The goal isn’t to be DuckDB. SQE is the Iceberg-first analytical engine that runs both as an embedded single binary and as a distributed cluster with OIDC pass-through and policy enforcement. Where SQE matches DuckDB on the embedded side, the same binary scales to a multi-tenant cluster.

Current as of 4 July 2026 · synced from the SQE source

Iceberg matrix · vs Trino · SQL features

What SQE has that DuckDB doesn’t

	SQE	DuckDB
Execution model	embedded and distributed	single process
Per-query OIDC bearer passthrough	yes	no
OPA / Cedar policy (row filters, masks)	yes	no
Multi-catalog in one engine	Polaris · Nessie · Glue · HMS · S3 Tables	extension-by-extension
Iceberg V3 read + write	native	extension, read-only
Arrow Flight SQL wire protocol	yes	extension

DuckDB-inspired, now in SQE

The embedded-mode capabilities SQE grew while chasing DuckDB’s developer ergonomics — all on the same binary that runs the cluster.

Embedded single binary

sqe-cli --embedded, a DuckDB-class single-process engine with a persistent SQLite-backed warehouse at ~/.sqe/warehouse/.

File-format table functions

read_parquet, read_csv (full DuckDB-parity options), and read_json / read_json_auto.

Query a file directly

SELECT * FROM 'file.parquet' auto-detects parquet, csv, and json on local, S3, HTTPS, and hf:// paths.

COPY … TO

Native COPY <source> TO 'file' (FORMAT csv|json|parquet) export, plus CTAS across formats.

Network-transparent access

An httpfs-equivalent for HTTP/HTTPS/S3, the AWS provider chain, Azure ADLS Gen2, GCS, and Cloudflare R2.

HuggingFace hf:// URLs

hf://datasets/owner/name/path with ?revision= / @rev pinning and the @~parquet auto-view.

CSV ergonomics

Extension-based delimiter + codec auto-detect (.tsv, .gz, .zst…) and DuckDB-friendly aliases (sep, delim, header).

SQL niceties

DESCRIBE, SUMMARIZE, SELECT * EXCLUDE (…), and SELECT * REPLACE (… AS col).

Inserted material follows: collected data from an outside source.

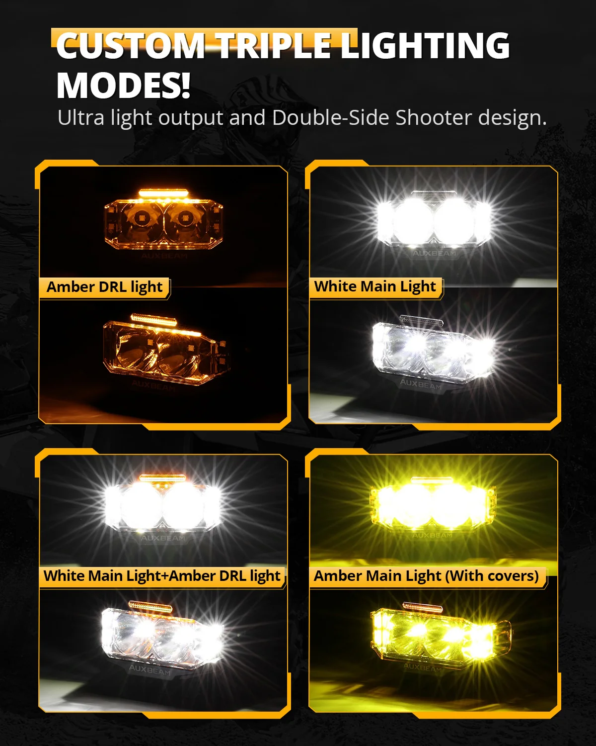 3 Light Modes: Side shooter light and front spot light together are main lighting mode to provide a clearer, wider and further visibility for your night time driving. While amber DRL is a daytime lighting mode to add extra safety by capturing other drivers’ notices of your presence on the road. Both modes can be used simultaneously.Combining three modes, it’s the perfect light to ensure your safety throughout the whole day.
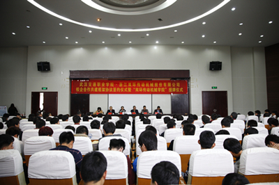 随后李水土总经理介绍了“双环传动机械学院”成立以后的目标和发展规划。何伟院长就与双环公司校企合作过程进行了介绍。最后,副校长余小三与浙江双环传动机械有限公司领导签订了校企合作协议书,并进行了授牌。
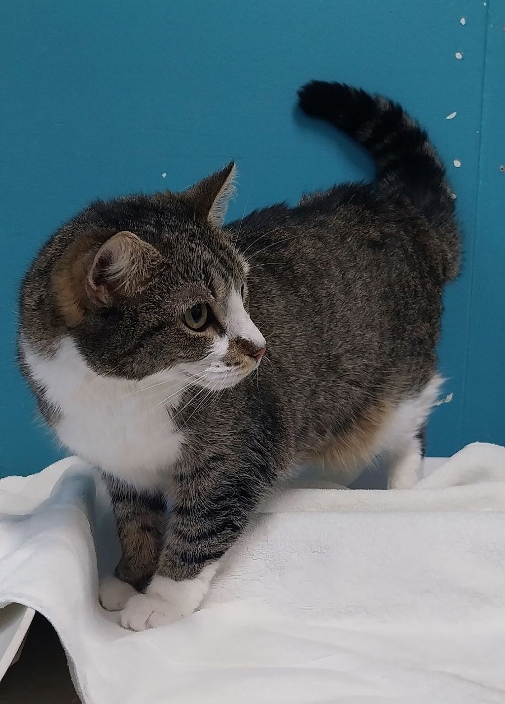 Ola, I'm Boots, a stunning and confident tabby and white female domestic shorthair cat, who is ready to find her forever home!
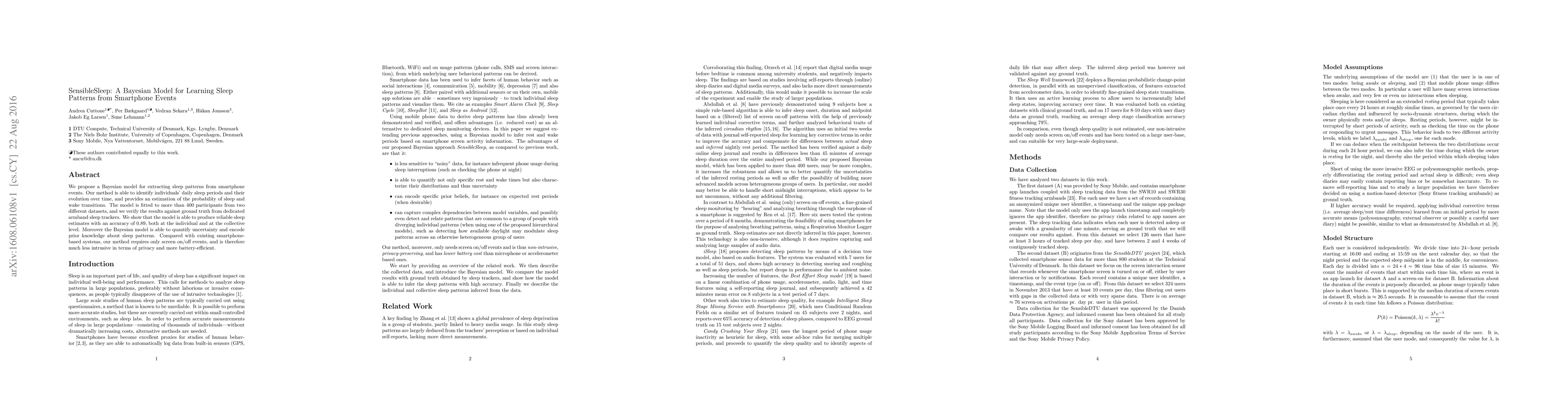 A Bayesian model accurately estimates sleep patterns from smartphone events with 89% accuracy, providing insights into individual and collective sleep habits.
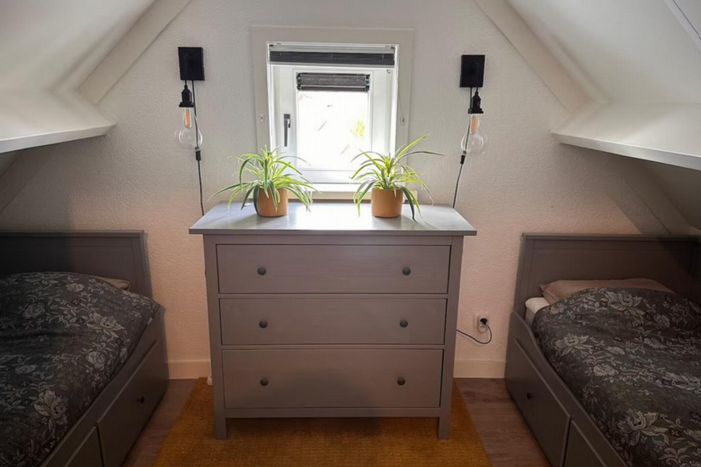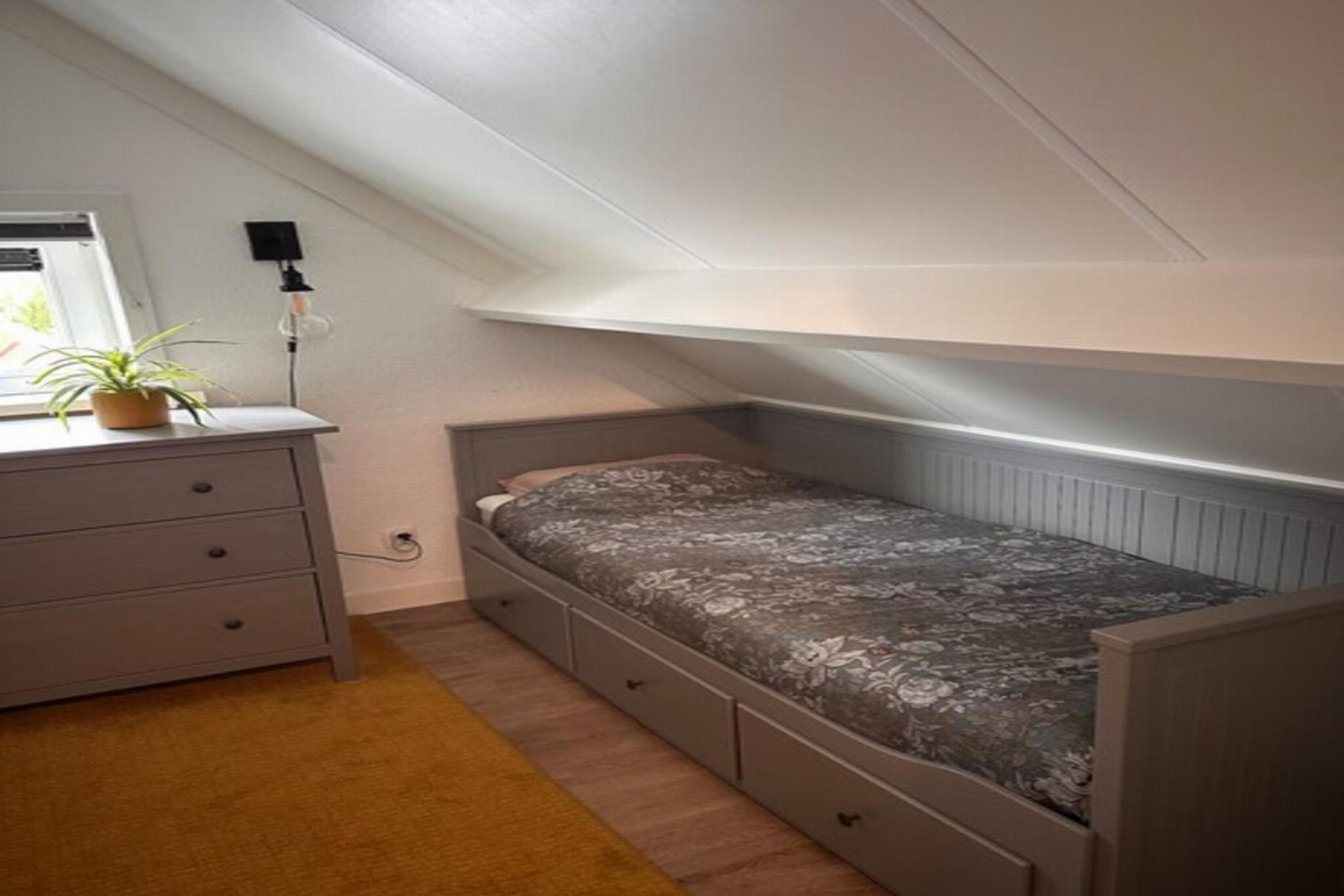 Op de 1e etage: slaapkamer met 2-pers. bed(boxspring, 180 x 200 cm) , slaapkamer met 2x 1-pers. bed(80 x 200 cm) , 1x kinderbed (excl. beddengoed)
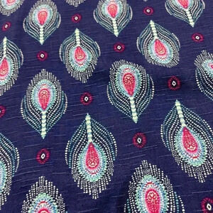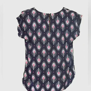 Women’s size small blouse with peacock feather print. This top is new with tag. It is made from 100% Rayon.

See it — DuckDB-style, in SQE

The same file-first ergonomics, in an embedded sqe-cli session. No cluster, no catalog setup.

sqe-cli --embedded

# Query a Parquet file directly — no table, no setup sqe> SELECT count(*) FROM 'data/events.parquet'; ┌──────────┐ │ count(*) │ ├──────────┤ │ 1048576 │ └──────────┘ # read_csv with DuckDB-parity options + gzip auto-detect sqe> SELECT * FROM read_csv('s3://bucket/orders.tsv.gz', header => true) LIMIT 3; # A HuggingFace dataset, straight from the hf:// URL sqe> SELECT * FROM 'hf://datasets/squad/plain_text/train.parquet' LIMIT 5; # Delta Lake with time travel sqe> SELECT * FROM read_delta('/data/delta/sales', version => '5'); # Export results back out sqe> COPY (SELECT * FROM orders WHERE region='EU') TO 'eu.parquet';

What DuckDB still has that SQE doesn’t

Capability	Why not (yet)
FROM-first syntax (`FROM t SELECT …`)	DataFusion parser does not support it
Struct / list / map literal sugar	Partial, nested types work, the literal syntax is less ergonomic
List comprehensions, lambdas	DataFusion does not support them
`PIVOT` / `UNPIVOT`	DataFusion parser does not support it
`ASOF JOIN`	Open upstream issue, not yet landed
`postgres` / `mysql` / `sqlite` connectors	Positioning: SQE is Iceberg-first
`spatial`, `vss`, `fts`, `excel`	Niche, use a purpose-built engine
HuggingFace glob (`*/.parquet`)	In progress, tree-API cache landed, object-store wiring next

Smoke test

Loading DuckDB’s own train_services.parquet over HTTPS, same machine, same network:

1.618sSQE embedded

1.815sDuckDB v1.4.4

Not a benchmark claim — a single-query smoke test that says embedded mode is at least as fast as DuckDB on a basic file load.